Until now, the cause of osteochondroma is not known with certainty, so its prevention is still unknown. However, the development of osteochondroma is associated with an abnormality in a gene.

Osteochondroma, a Benign Tumor That Often Affects Children - Alodokter

Osteochondroma can develop as a single tumor (osteocartilaginous exostosis) or multiple tumors (multiple osteochondromatosis). Although it cannot metastasize like cancer, osteochondroma can grow in size as the child grows.

Osteochondroma Symptoms

Sometimes osteochondroma does not cause any symptoms, but there are also some symptoms of osteochondroma in children that may appear. Here are some of them:

  • A painless lump near a joint, for example on the knee or shoulder
  • Pain in joints during activity
  • Numbering
  • Tingling
  • Height is shorter than his peers
  • One leg or arm is longer

Osteochondroma Treatment

Before treatment, doctors need to confirm the diagnosis of osteochondroma first. In diagnosing osteochondroma, the doctor will ask for complaints, symptoms that appear, as well as the child's medical history and perform a physical examination.

In addition, there are also several tests that may be performed, such as X-rays, CT scans, or MRIs, to determine the size and location of the tumor. A biopsy may also be performed to determine whether the tumor is malignant or benign.

Furthermore, treatment will depend on the size, location and potential of the tumor to cause problems or not. If considered harmless, for example without the potential to cause fractures, osteochondromas generally do not require any treatment.
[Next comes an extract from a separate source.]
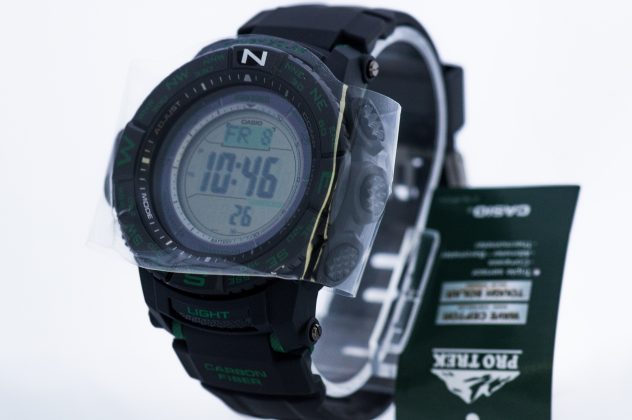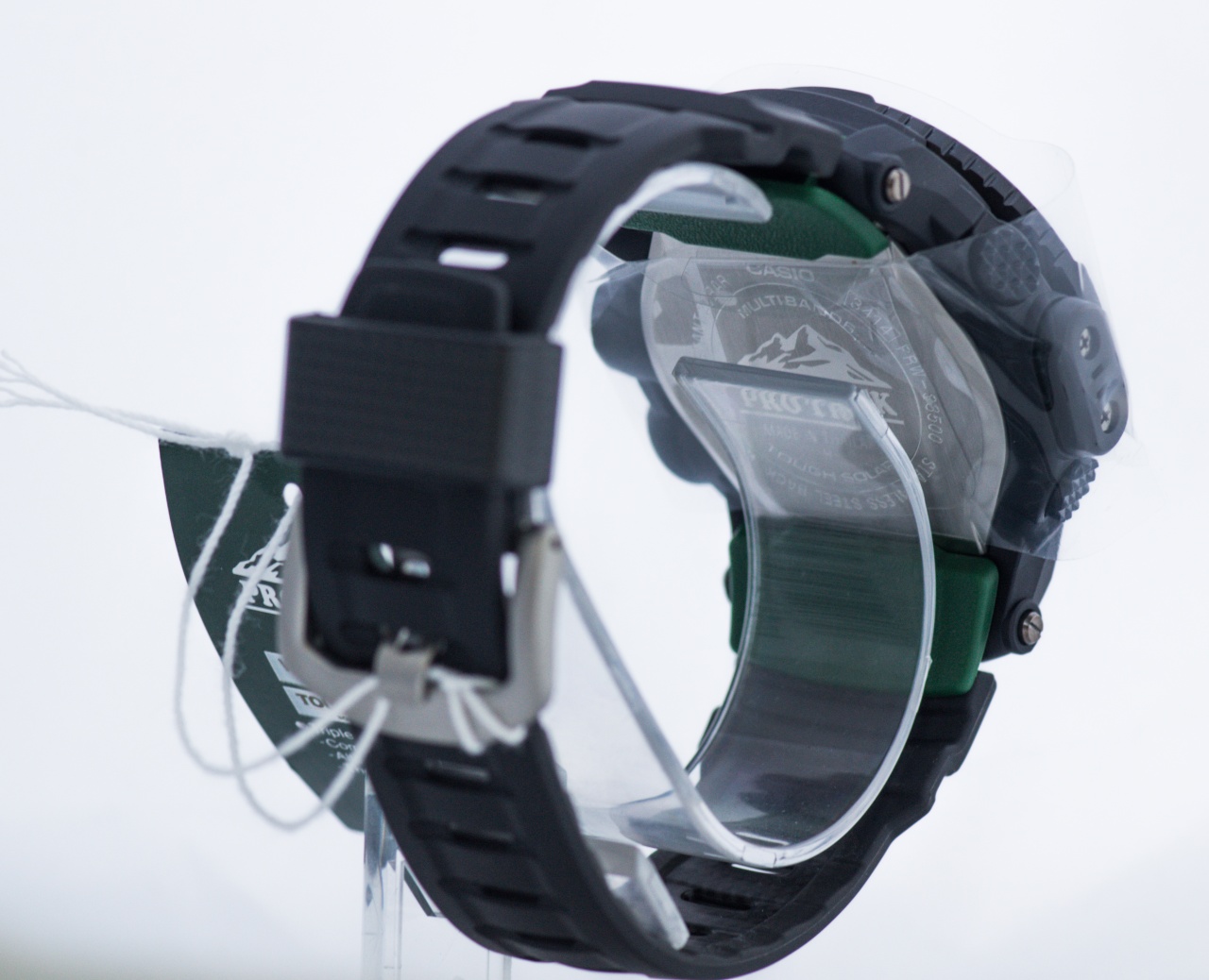 Популярная моделька на максималках: помимо альтиметра, барометра, термометра, компаса и хронографа часы примечательны тем, что в отличие от стандартных PRW-3500 у них есть карбоновый ремень (очень приятный по ощущениям) и сапфировое стекло.

Doctors may only recommend periodic imaging tests to see changes in the tumor over time. In addition, the doctor may also prescribe medication if the osteochondroma causes pain.

If the tumor is considered dangerous or has the potential to cause serious problems, such as severe pain, pressure on the nerves and blood vessels, and changes in the shape of the bone, the doctor may suggest surgery to remove the osteochondroma and repair the bone.

Although the chances are very small, osteochondroma can develop into a malignant tumor. Therefore, if your child feels the symptoms of osteochondroma as above, you should immediately consult a doctor. After that, the child needs to be checked regularly even though the symptoms experienced are relatively mild.

Before consulting a doctor, write down all the complaints experienced by the child. Tell also about the history of pregnancy and childbirth, the status of growth and development, and the drugs consumed by the child. That way, it will be easier for doctors to diagnose diseases suffered by children.